--- START ---

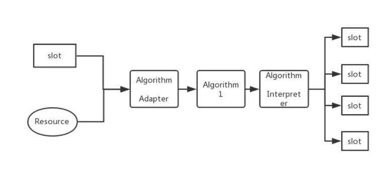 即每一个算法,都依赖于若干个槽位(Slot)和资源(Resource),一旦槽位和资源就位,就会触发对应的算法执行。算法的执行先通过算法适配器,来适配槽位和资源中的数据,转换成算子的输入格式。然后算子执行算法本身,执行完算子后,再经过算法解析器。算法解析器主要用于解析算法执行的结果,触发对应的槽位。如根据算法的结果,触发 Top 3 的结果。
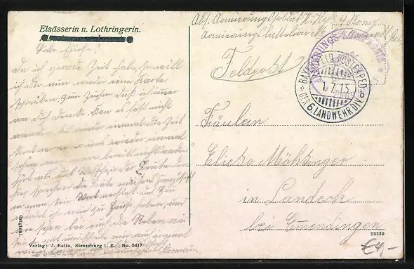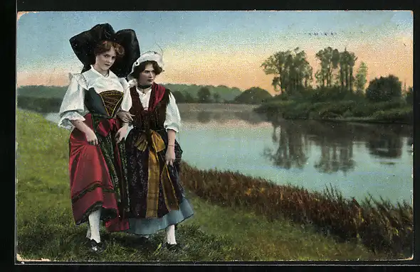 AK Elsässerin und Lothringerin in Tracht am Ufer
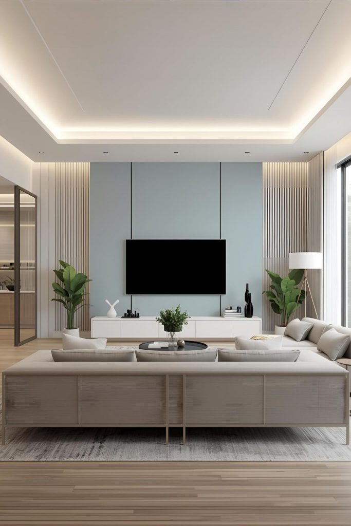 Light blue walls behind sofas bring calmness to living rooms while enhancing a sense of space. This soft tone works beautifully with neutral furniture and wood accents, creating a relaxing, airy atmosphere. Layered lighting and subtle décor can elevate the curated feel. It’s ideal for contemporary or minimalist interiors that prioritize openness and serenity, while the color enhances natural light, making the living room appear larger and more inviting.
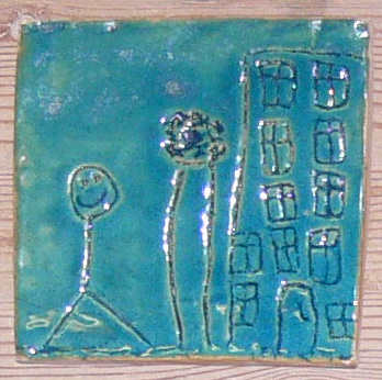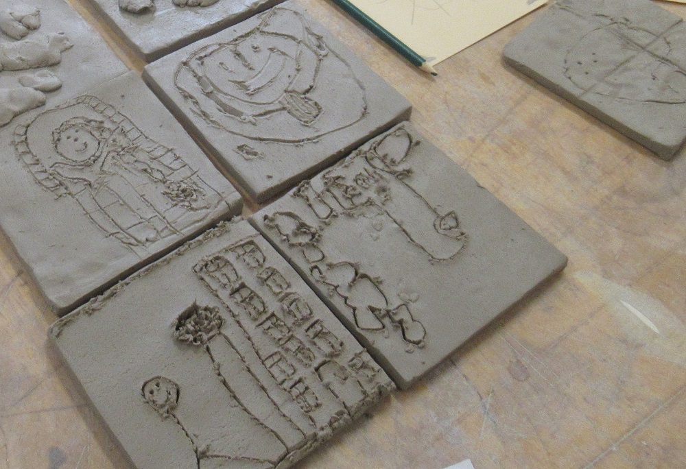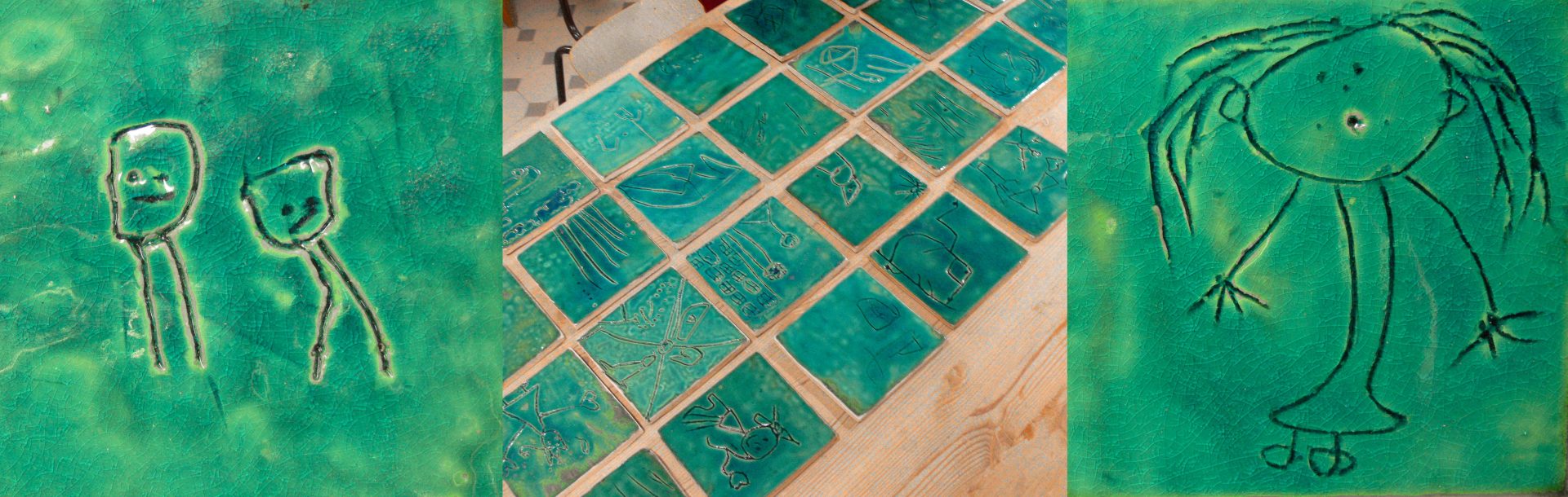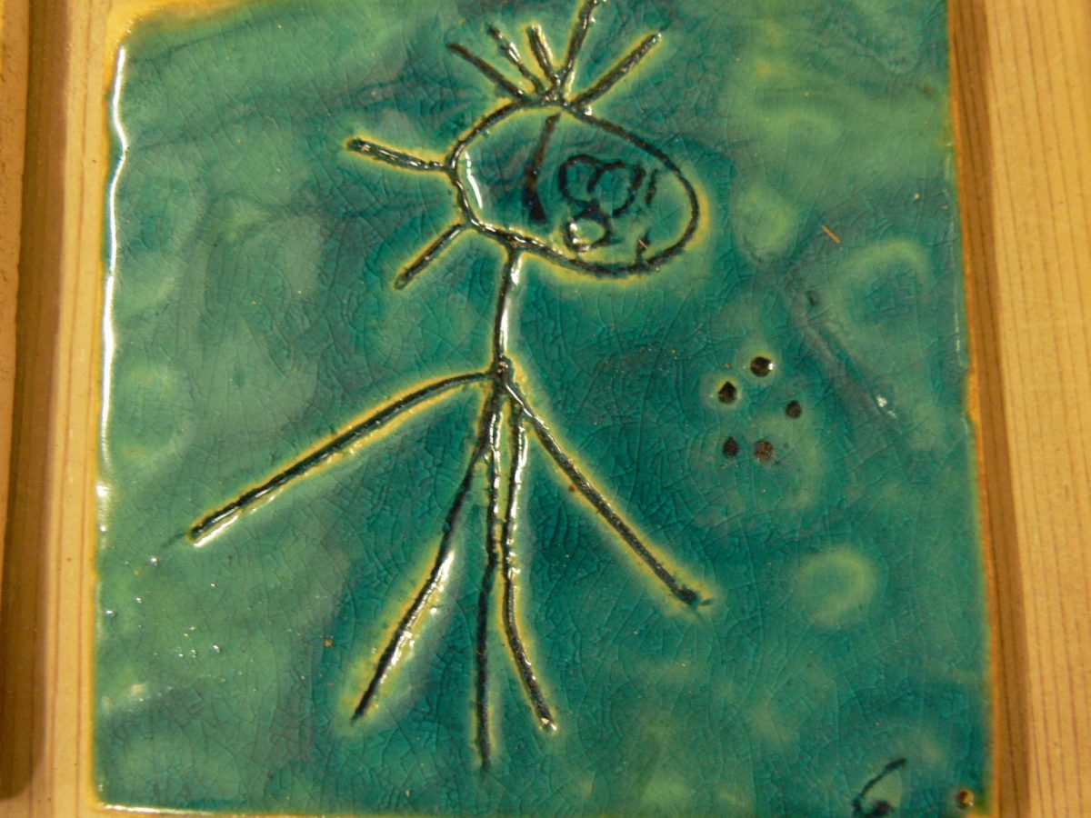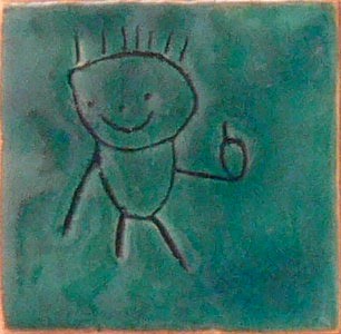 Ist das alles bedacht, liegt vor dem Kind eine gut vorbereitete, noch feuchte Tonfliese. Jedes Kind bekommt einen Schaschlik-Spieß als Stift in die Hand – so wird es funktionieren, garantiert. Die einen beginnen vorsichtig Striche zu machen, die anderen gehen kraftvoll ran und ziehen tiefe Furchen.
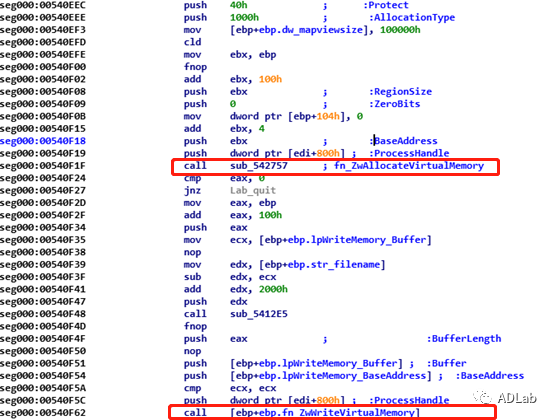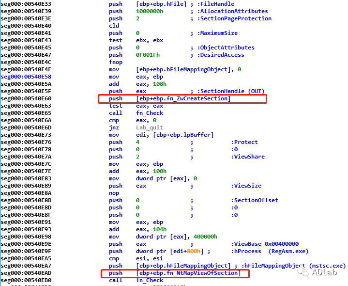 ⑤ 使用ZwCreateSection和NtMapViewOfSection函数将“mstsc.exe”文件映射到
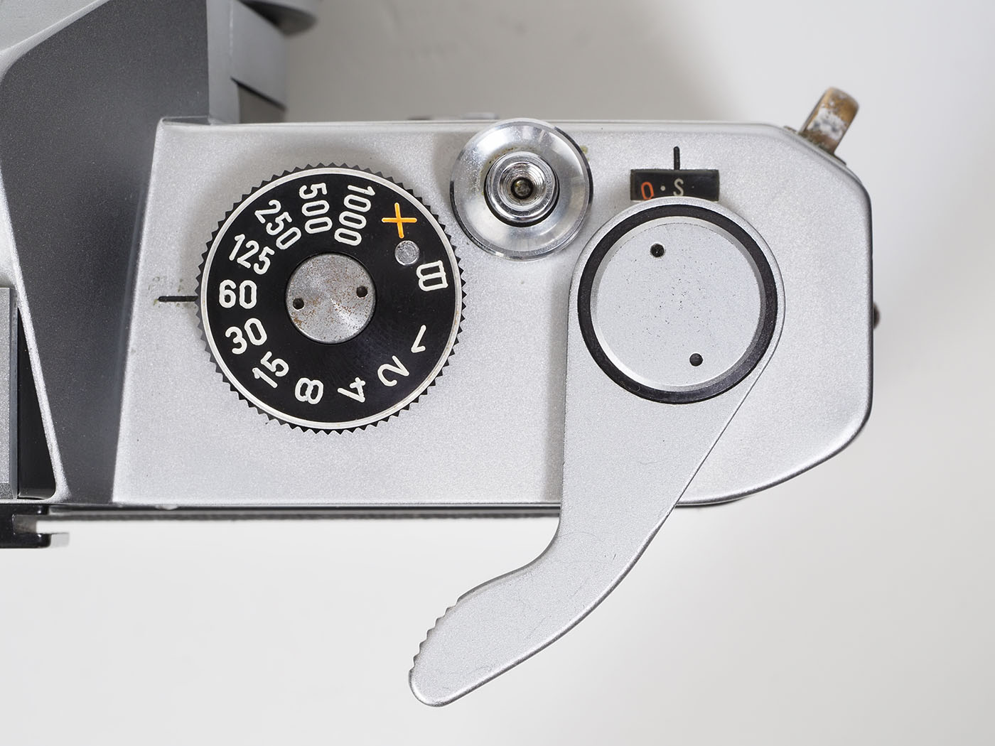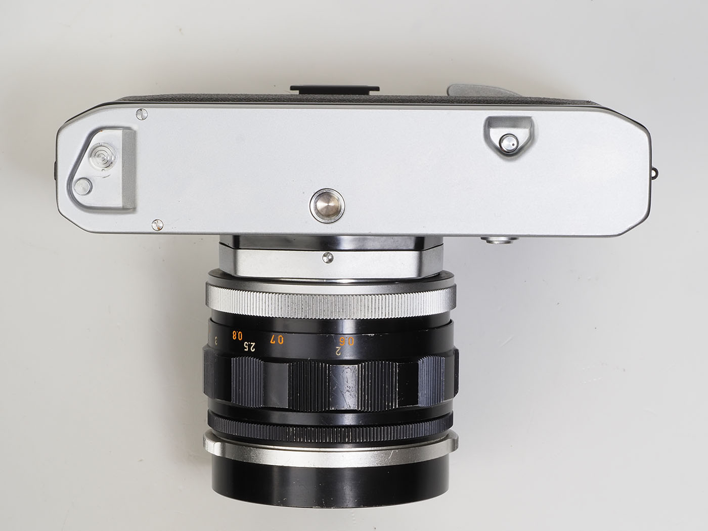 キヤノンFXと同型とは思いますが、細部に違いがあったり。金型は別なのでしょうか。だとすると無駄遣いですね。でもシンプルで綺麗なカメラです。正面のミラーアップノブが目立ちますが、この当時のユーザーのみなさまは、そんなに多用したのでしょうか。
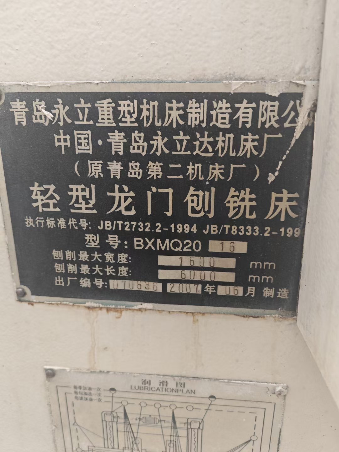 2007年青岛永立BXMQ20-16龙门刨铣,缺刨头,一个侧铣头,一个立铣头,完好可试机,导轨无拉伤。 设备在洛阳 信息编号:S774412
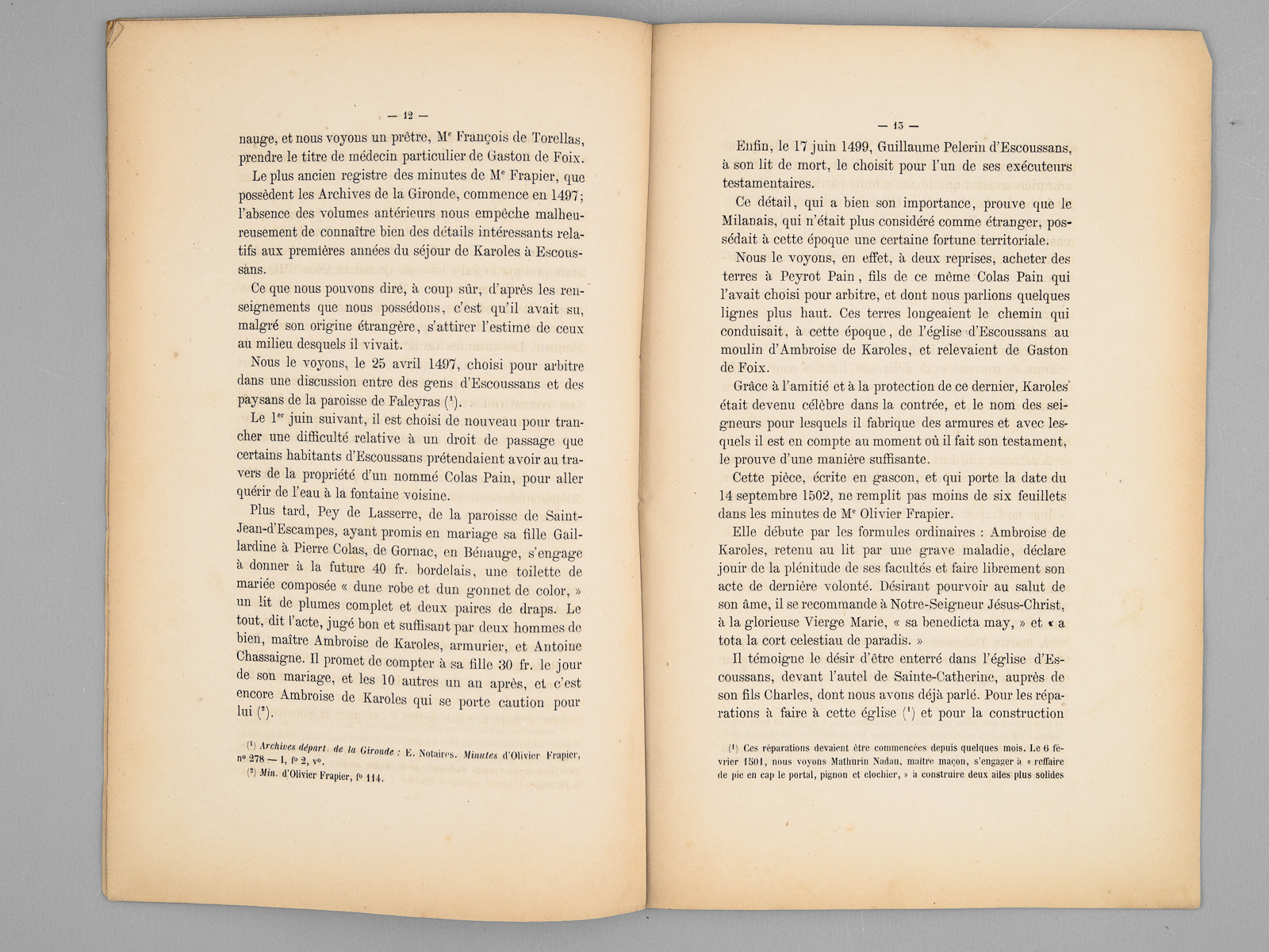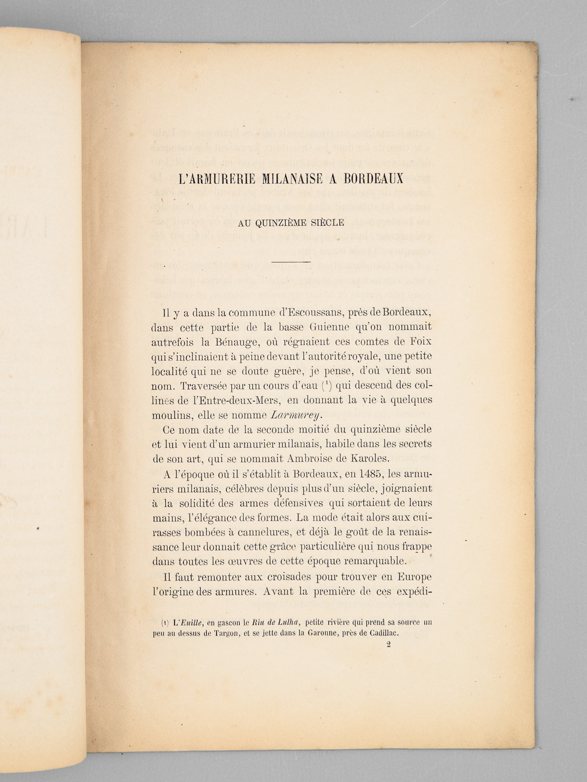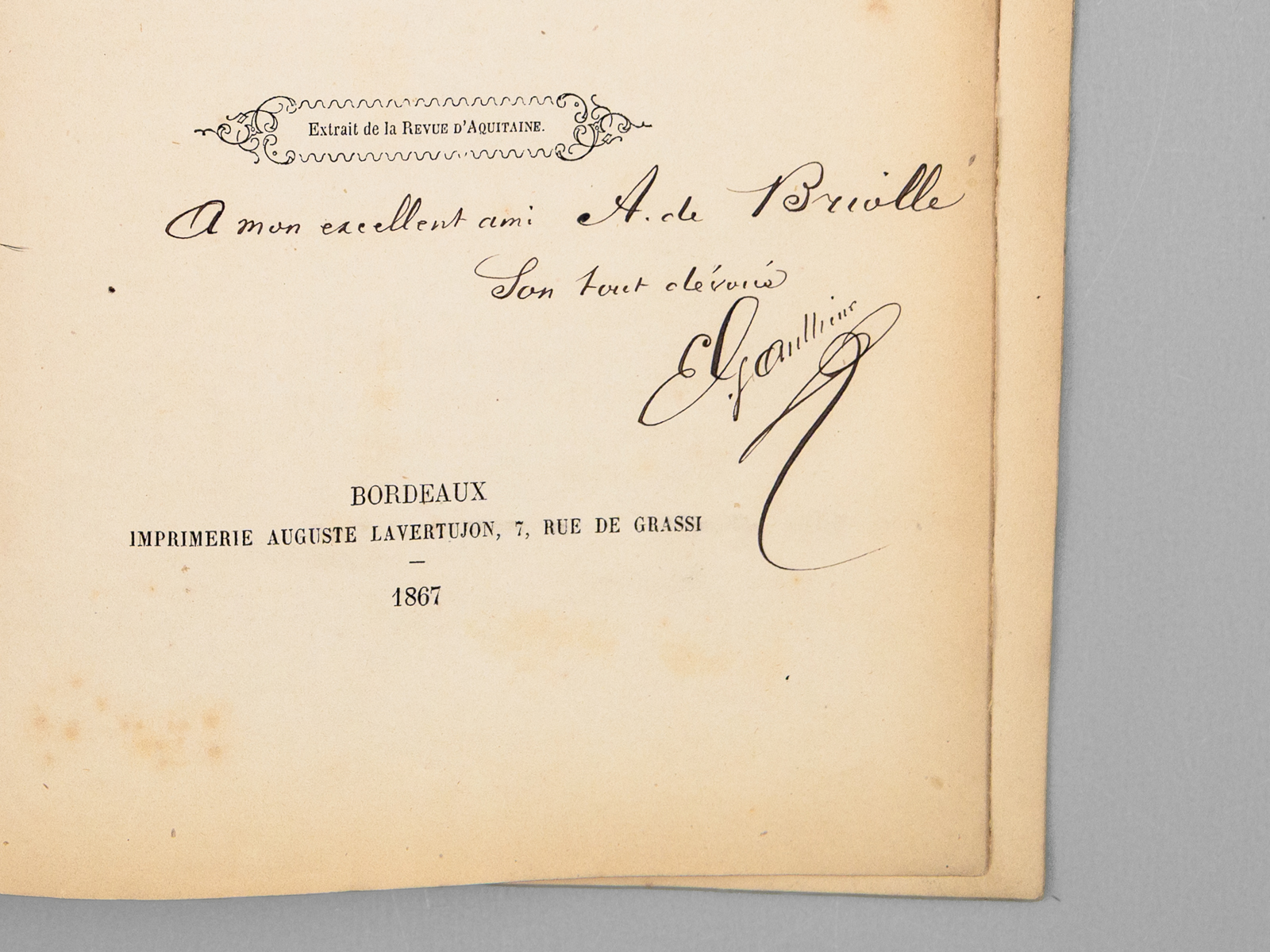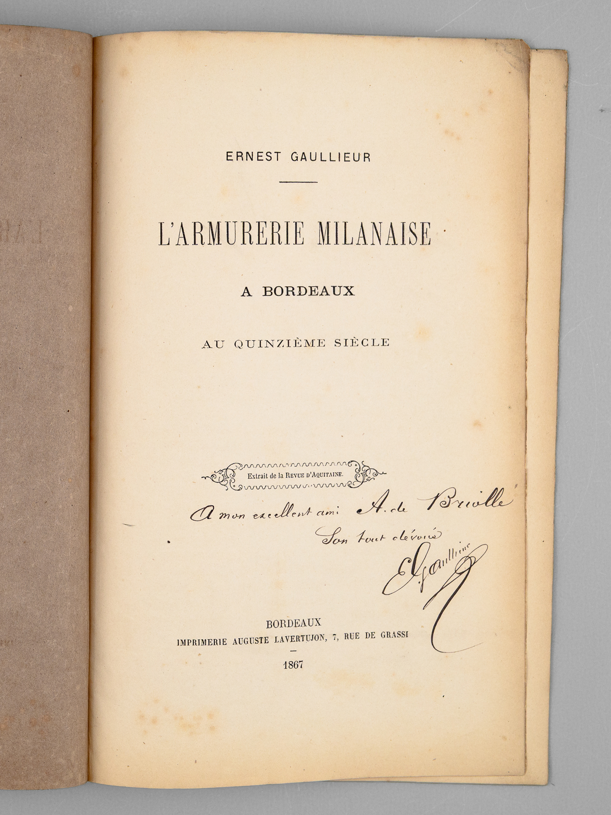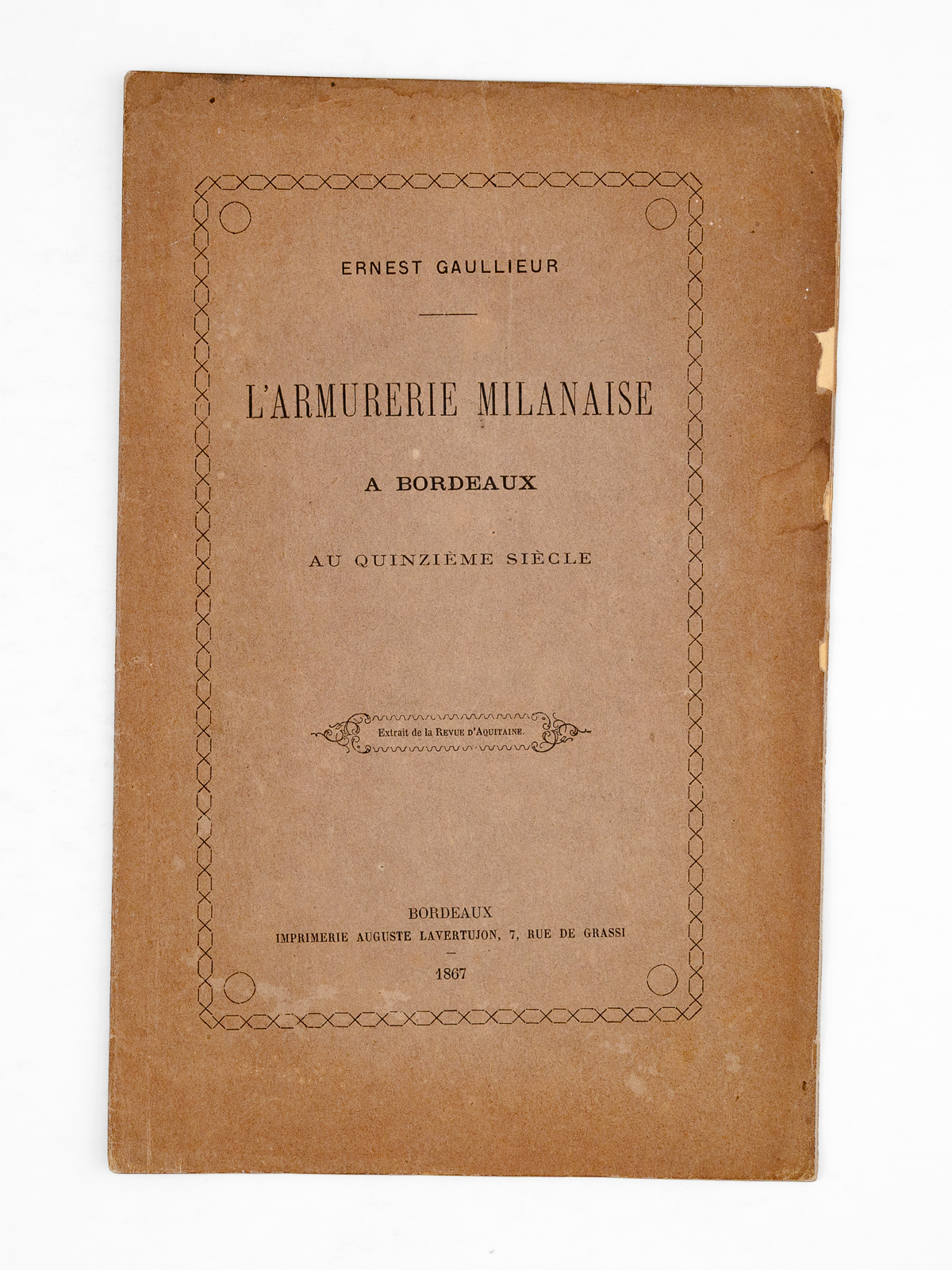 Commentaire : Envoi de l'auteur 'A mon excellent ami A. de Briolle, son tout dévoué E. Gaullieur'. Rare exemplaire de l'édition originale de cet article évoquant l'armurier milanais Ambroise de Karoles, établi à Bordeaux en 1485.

--- END ---

WHAT YOU HAVE TO DO
Where pictures sit among the data above, omit them, and output the rest exactly.

RESPONSE AREA
 即每一个算法,都依赖于若干个槽位(Slot)和资源(Resource),一旦槽位和资源就位,就会触发对应的算法执行。算法的执行先通过算法适配器,来适配槽位和资源中的数据,转换成算子的输入格式。然后算子执行算法本身,执行完算子后,再经过算法解析器。算法解析器主要用于解析算法执行的结果,触发对应的槽位。如根据算法的结果,触发 Top 3 的结果。
 AK Elsässerin und Lothringerin in Tracht am Ufer
 Light blue walls behind sofas bring calmness to living rooms while enhancing a sense of space. This soft tone works beautifully with neutral furniture and wood accents, creating a relaxing, airy atmosphere. Layered lighting and subtle décor can elevate the curated feel. It’s ideal for contemporary or minimalist interiors that prioritize openness and serenity, while the color enhances natural light, making the living room appear larger and more inviting.
 Ist das alles bedacht, liegt vor dem Kind eine gut vorbereitete, noch feuchte Tonfliese. Jedes Kind bekommt einen Schaschlik-Spieß als Stift in die Hand – so wird es funktionieren, garantiert. Die einen beginnen vorsichtig Striche zu machen, die anderen gehen kraftvoll ran und ziehen tiefe Furchen.
 ⑤ 使用ZwCreateSection和NtMapViewOfSection函数将“mstsc.exe”文件映射到
 キヤノンFXと同型とは思いますが、細部に違いがあったり。金型は別なのでしょうか。だとすると無駄遣いですね。でもシンプルで綺麗なカメラです。正面のミラーアップノブが目立ちますが、この当時のユーザーのみなさまは、そんなに多用したのでしょうか。
 2007年青岛永立BXMQ20-16龙门刨铣,缺刨头,一个侧铣头,一个立铣头,完好可试机,导轨无拉伤。 设备在洛阳 信息编号:S774412
 Commentaire : Envoi de l'auteur 'A mon excellent ami A. de Briolle, son tout dévoué E. Gaullieur'. Rare exemplaire de l'édition originale de cet article évoquant l'armurier milanais Ambroise de Karoles, établi à Bordeaux en 1485.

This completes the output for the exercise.